DESCRIPTION OF THE TASK:
Among the entries below, find the line with "- Montessori Learning" and the line with "ETV Sport Live: Your". Return exactly those lines and every line between them, but no pictures.

[[ DATA EXTRACT, beginning ]]

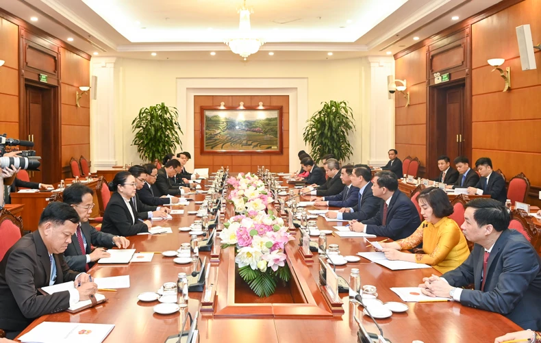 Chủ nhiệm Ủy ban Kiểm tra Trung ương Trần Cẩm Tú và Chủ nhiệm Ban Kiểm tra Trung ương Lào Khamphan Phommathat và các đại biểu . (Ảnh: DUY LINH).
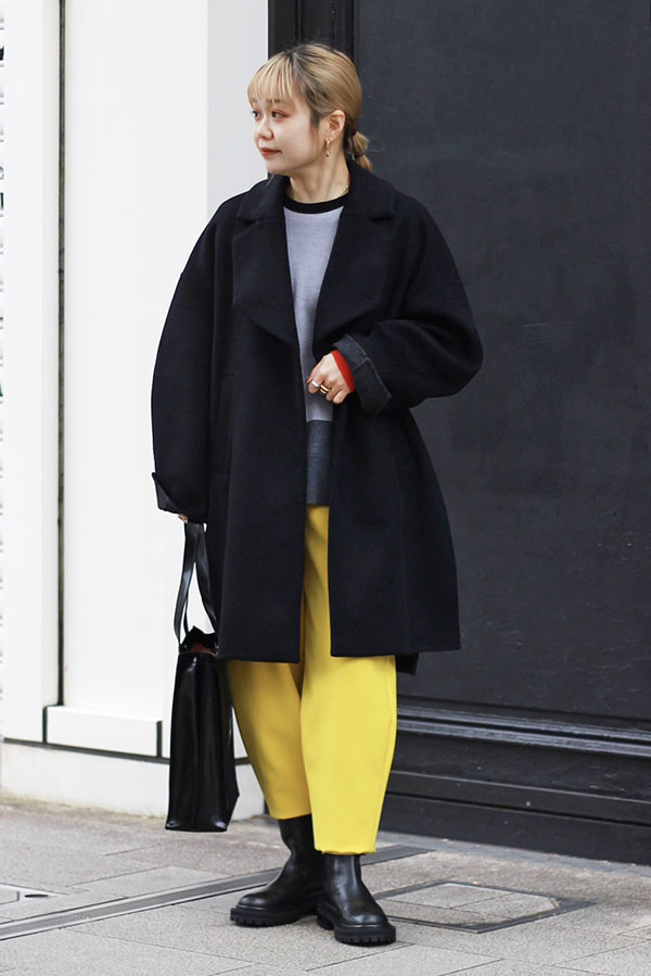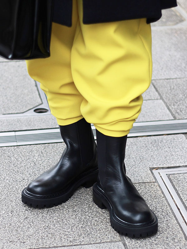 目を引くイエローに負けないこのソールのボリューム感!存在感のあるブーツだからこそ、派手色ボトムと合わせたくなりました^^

[[ DATA EXTRACT, end ]]
[[ DATA EXTRACT, beginning ]]

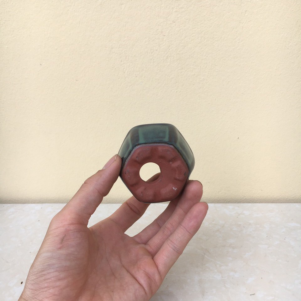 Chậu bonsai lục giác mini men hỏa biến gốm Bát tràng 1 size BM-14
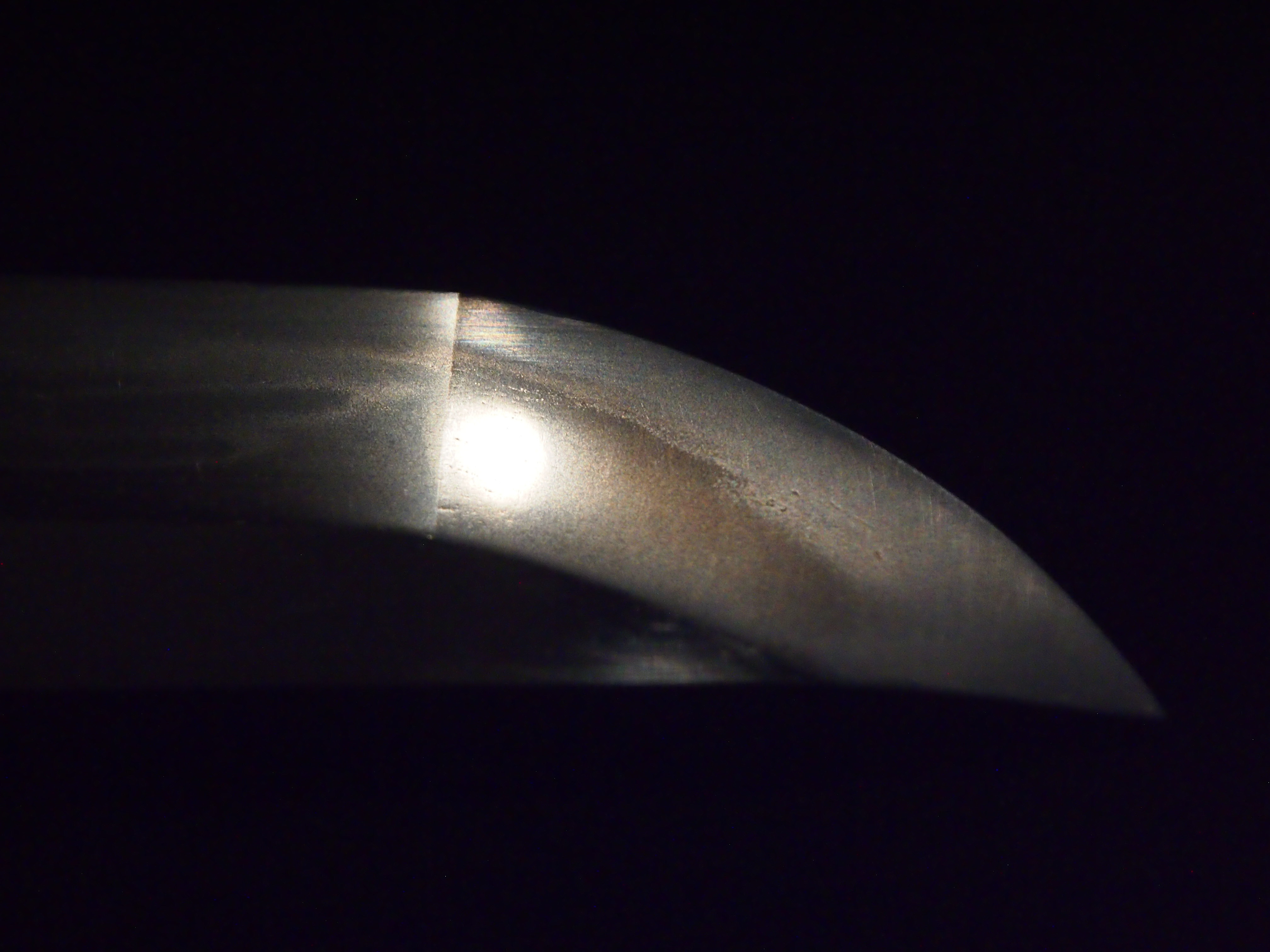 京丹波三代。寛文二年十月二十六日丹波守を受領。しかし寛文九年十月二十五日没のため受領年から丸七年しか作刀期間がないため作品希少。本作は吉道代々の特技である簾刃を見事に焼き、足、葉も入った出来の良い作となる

[[ DATA EXTRACT, end ]]
[[ DATA EXTRACT, beginning ]]

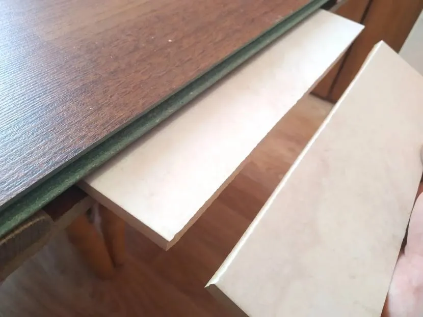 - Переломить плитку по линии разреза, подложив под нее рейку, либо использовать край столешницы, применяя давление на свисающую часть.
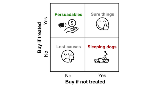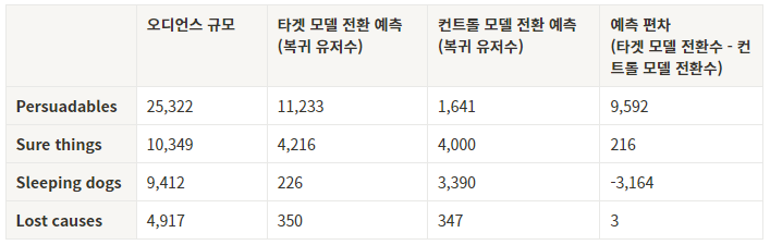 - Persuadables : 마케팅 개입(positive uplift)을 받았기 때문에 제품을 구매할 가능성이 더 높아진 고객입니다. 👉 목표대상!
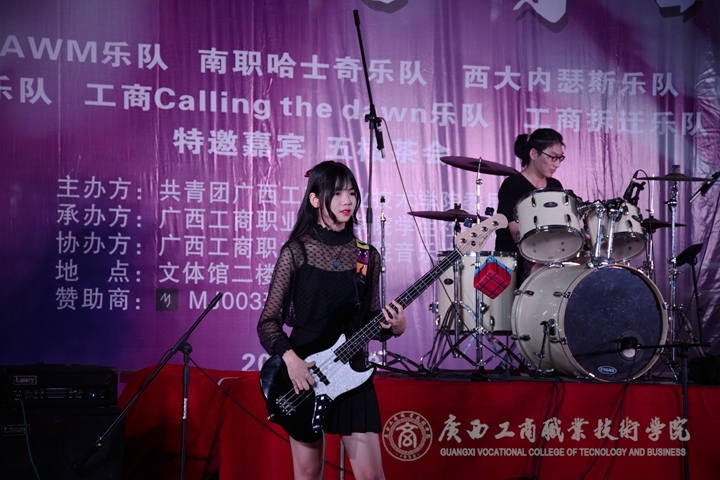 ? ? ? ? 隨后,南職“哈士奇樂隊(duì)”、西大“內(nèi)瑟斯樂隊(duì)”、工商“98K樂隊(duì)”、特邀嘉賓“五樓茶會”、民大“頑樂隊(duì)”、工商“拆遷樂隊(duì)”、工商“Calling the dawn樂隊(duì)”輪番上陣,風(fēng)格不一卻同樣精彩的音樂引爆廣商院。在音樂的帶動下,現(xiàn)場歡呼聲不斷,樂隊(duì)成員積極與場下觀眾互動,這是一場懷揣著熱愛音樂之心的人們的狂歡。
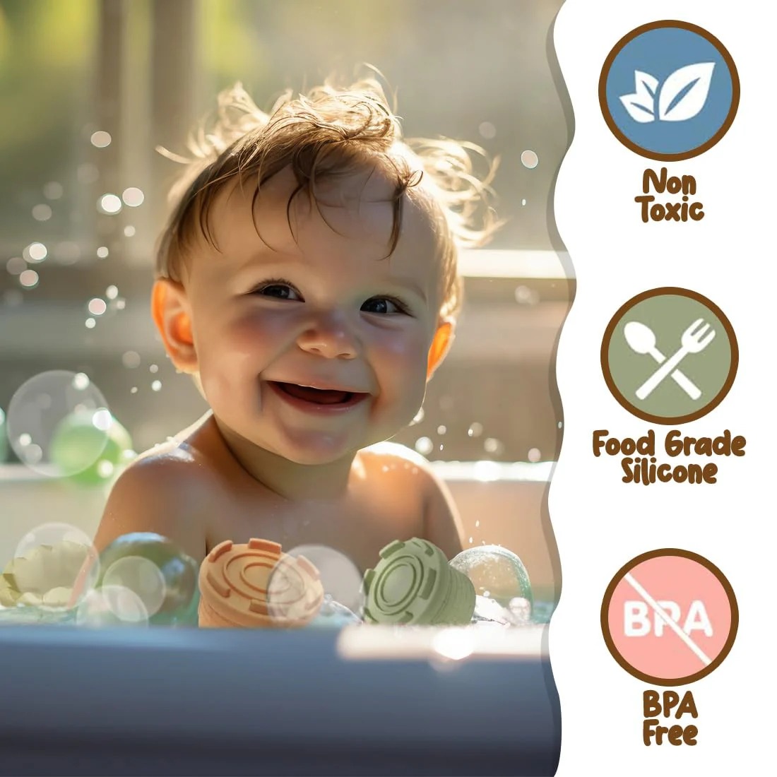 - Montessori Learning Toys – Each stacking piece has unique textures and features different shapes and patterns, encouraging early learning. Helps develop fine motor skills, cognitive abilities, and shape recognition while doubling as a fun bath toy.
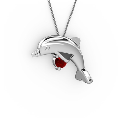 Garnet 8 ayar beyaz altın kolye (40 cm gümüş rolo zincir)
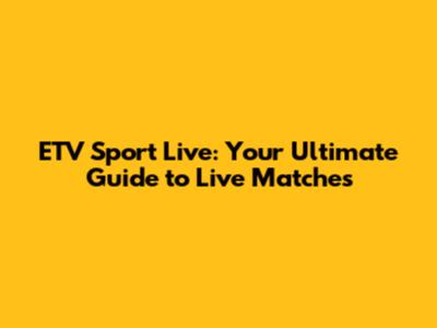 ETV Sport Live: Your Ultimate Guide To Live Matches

[[ DATA EXTRACT, end ]]

SOLUTION TO THIS EXERCISE:
 - Montessori Learning Toys – Each stacking piece has unique textures and features different shapes and patterns, encouraging early learning. Helps develop fine motor skills, cognitive abilities, and shape recognition while doubling as a fun bath toy.
 Garnet 8 ayar beyaz altın kolye (40 cm gümüş rolo zincir)
 ETV Sport Live: Your Ultimate Guide To Live Matches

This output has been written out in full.